June 15, 2011
Minnesota State Colleges and Universities to stay open even if state government shuts down (Revised)Contact:
Melinda Voss, (651) 201-1804, firstname.lastname@example.org
The Minnesota State Colleges and Universities system will remain open this summer even if other parts of state government shut down July 1, system officials announced today.
Officials were notified Wednesday by Gov. Mark Dayton’s office that the system will receive the support needed from Minnesota Management and Budget to continue operations on July 1, even if other parts of state government shut down.
The governor’s petition to the state district court said that “operations of the Minnesota State Colleges and Universities will continue based on its statutory and practical financial autonomy and its balance carry-over authority.”
Chancellor James H. McCormick thanked all officials who worked to assure the system’s continued operation. “We are deeply appreciative of the governor’s action to support uninterrupted instruction and services at the state colleges and universities,” McCormick said. “This is a critical time for the 67,000 students taking summer session courses at our schools and for the tens of thousands of students preparing to enroll in the fall term.”
The action means that Management and Budget will provide payroll and other payment processing for the system. The higher education appropriations bill awaits resolution with other state operating budgets.

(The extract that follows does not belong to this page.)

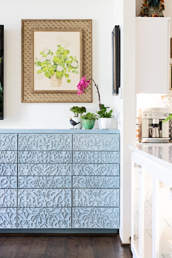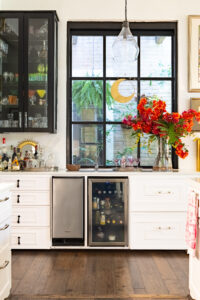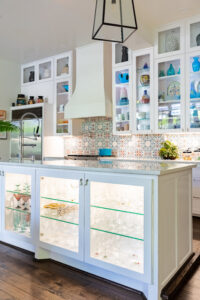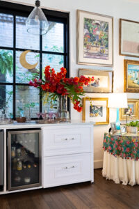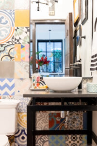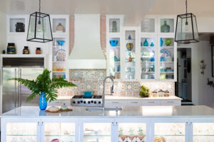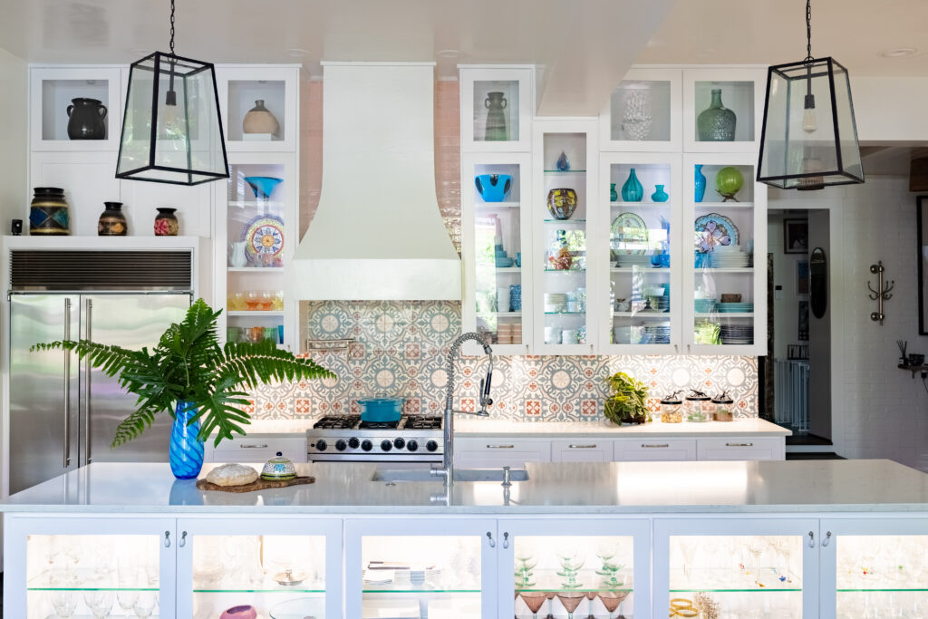 The Reicherts had more than aesthetics in mind when designing the 20-foot-long built-in buffet featuring intricately carved custom drawer fronts, full-height glass front cabinets and an expansive kitchen island. The illuminated cabinets have an abundance of storage and display vibrant serving platters and glassware, paying tribute to the colorful life they have lived. Below, Mexican-influenced encaustic tiles line the backsplash and effortlessly complement the half bathroom flanking the kitchen.

The system already has statutory authority to use existing tuition and other receipts in the new fiscal year that starts on July 1.
Once a formal agreement with MMB is reached, it is expected that layoff notices that were sent to 6,000 Minnesota State Colleges and Universities employees will be rescinded and salaries and benefits to employees will continue.

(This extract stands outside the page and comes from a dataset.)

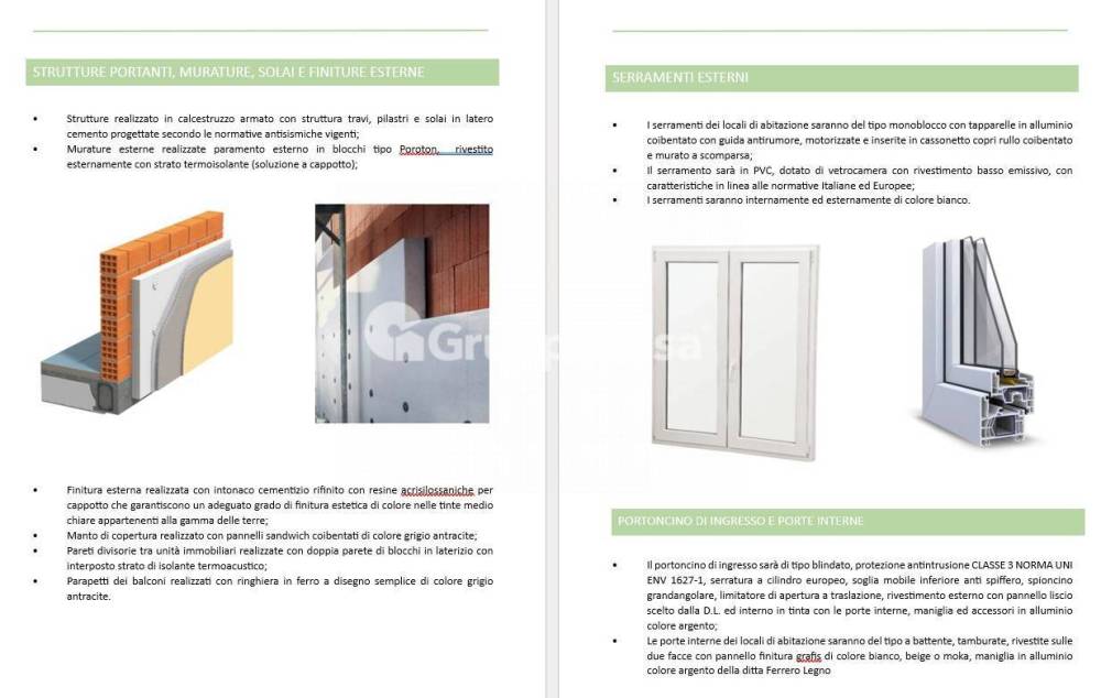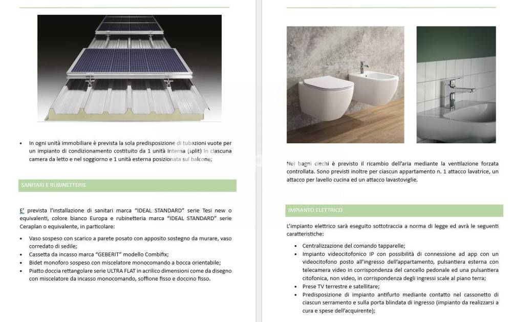 La soluzione è dotata di riscaldamento a pavimento, tapparelle in alluminio motorizzate e pannelli fotovoltaici per le parti comuni.

The system’s continued operation through the summer term will be funded through tuition receipts and fund balances at each of the colleges and universities.
“Both the governor and Legislature have recognized the critical role that higher education has in fueling the state’s economy and improving the lives of all Minnesotans, and this will be welcome news for our students and our campuses” said Scott Thiss, chair of the system’s Board of Trustees.
Minnesota's 31 state community and technical colleges, and universities serve more than 420,000 students across the state.